Ohne Einstiegserklärung beginnt Rebekka Kricheldorf zu lesen. Zügig schlägt sie die Abschnitte auf, die in ihrem Debütroman „Lustprinzip“ mit Lesezeichen gekennzeichnet sind und beginnt nicht mit dem Anfang, sondern direkt in der Mitte des Buches. Die Szene: ein Gewaltausbruch, Prügel unter Rivalinnen, an der Lily beteiligt ist. Lily, deren Bafög „all ist“. Vergebens sucht sie nach Theaterrollen, spricht vor, aber die Jungs werden genommen. Den Job als Probandin für die Pharmaindustrie will sie nicht und einen, für den man früh aufstehen muss, auch nicht. „Lustprinzip“, das heißt aufgeschlüsselt wohl: aus Prinzip nur Lust, ein Bild, das Kricheldorf nach Berlin in die späten 1990 Jahre verlegt hat. Es geht um die Jugend, die rebellisch ist, radikal und eine Verweigerungshaltung an den Tag legt. Für sie heißt wild leben, frei leben.

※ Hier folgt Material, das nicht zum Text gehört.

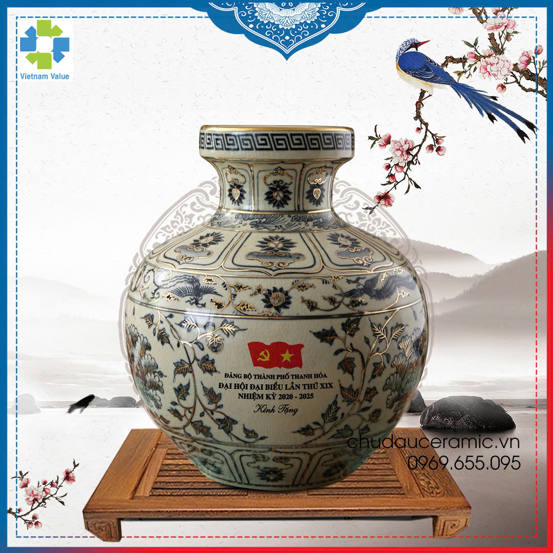 In logo và thương hiệu lên bình phượng hoàng Gốm Chu Đậu - Thương hiệu Quốc gia là món quà ý nghĩa của doanh nghiệp để tri ân khách hàng. Giá niêm yết có thể thay đổi theo họa tiết, thiết kế và số lượng. Liên hệ 0969.655.095 để biết thêm chi tiết.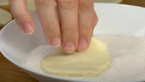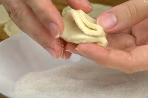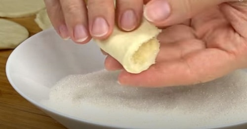 - Умочіть кругляшек в цукор, скрутіть солодкістю всередину. Ще раз умочіть в крупинки, і знову загорніть трикутником. Підсолоджувач повинен виявитися і на зовнішній стороні печива.

Wie die Story weitergeht, wird nicht zu Ende erzählt. Aber dafür stellt Rebekka Kricheldorf ihr umgedichtetes Märchen von „Schneeweißchen und Rosenrot“ gegenüber. Wortgewand erzählt sie vom Inhalt, den Schwestern, die einträchtig im Wald leben. Vom Bären, den beide Mädchen lieben lernen, der sich als verwandelter Prinz herausstellt, Schneeweißchen heiratet und sein Bruder die Rosenrot zur Braut nimmt. Von diesem Grimm-Märchen, sagt sie, habe sie sich schon als Kind „verarscht gefühlt“. Für sie sei die Jugend anders. Nicht wie die artigen Schwestern, eher kraftvoll, manchmal radikal, auch gefährlich und dumm.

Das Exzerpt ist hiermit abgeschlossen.